> **GIVEN INFORMATION**
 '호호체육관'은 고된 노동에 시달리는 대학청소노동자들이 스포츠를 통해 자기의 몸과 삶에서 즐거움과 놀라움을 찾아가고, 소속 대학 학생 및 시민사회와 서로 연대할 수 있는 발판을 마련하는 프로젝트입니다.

==

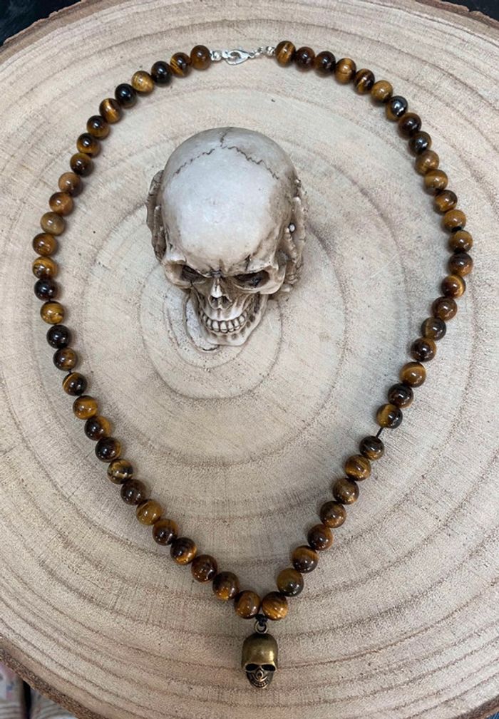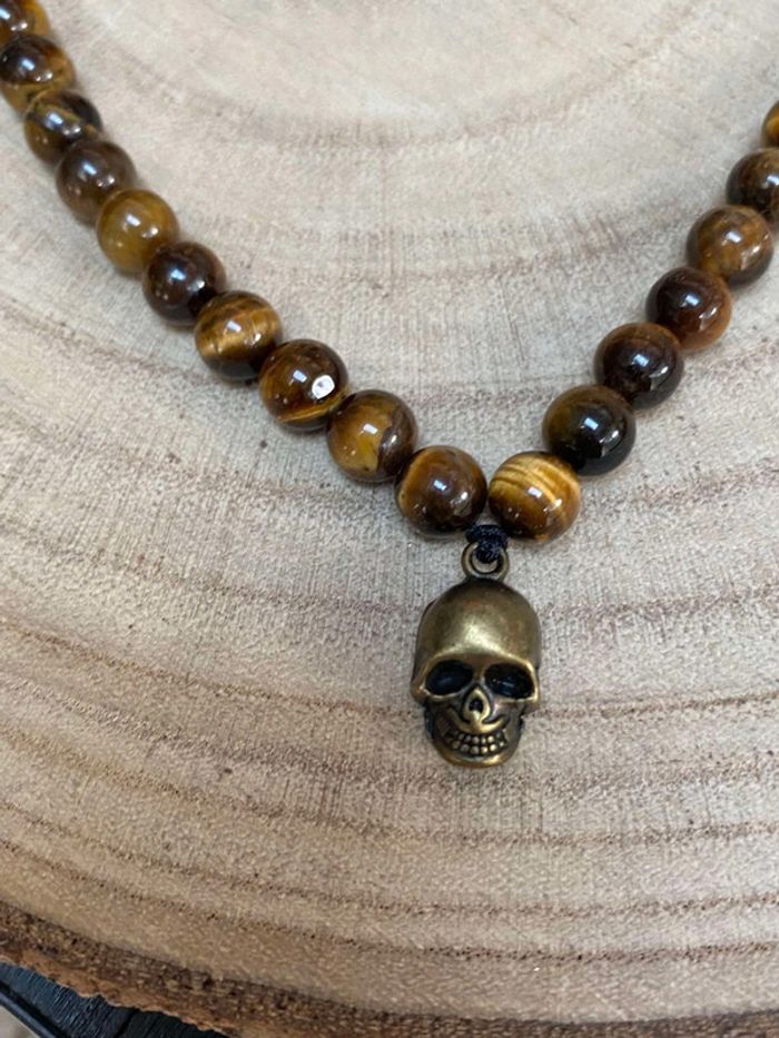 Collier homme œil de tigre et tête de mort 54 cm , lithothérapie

==

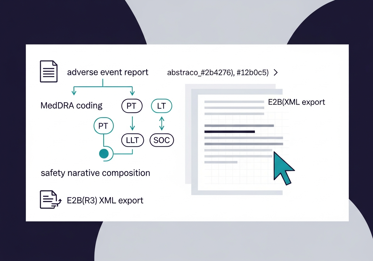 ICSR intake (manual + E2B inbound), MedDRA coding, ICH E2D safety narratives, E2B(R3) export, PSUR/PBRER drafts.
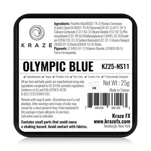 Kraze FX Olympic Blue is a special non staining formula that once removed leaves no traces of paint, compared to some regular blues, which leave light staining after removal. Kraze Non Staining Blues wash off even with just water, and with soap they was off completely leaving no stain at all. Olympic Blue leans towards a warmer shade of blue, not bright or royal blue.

> **ACTIVITY**
Only the lines above starting with the line with "ICSR intake (manual" and going on through the line with "Kraze FX Olympic" belong in the answer; repeat them exactly, minus any picture.

> **TASK RESPONSE**
 ICSR intake (manual + E2B inbound), MedDRA coding, ICH E2D safety narratives, E2B(R3) export, PSUR/PBRER drafts.
 Kraze FX Olympic Blue is a special non staining formula that once removed leaves no traces of paint, compared to some regular blues, which leave light staining after removal. Kraze Non Staining Blues wash off even with just water, and with soap they was off completely leaving no stain at all. Olympic Blue leans towards a warmer shade of blue, not bright or royal blue.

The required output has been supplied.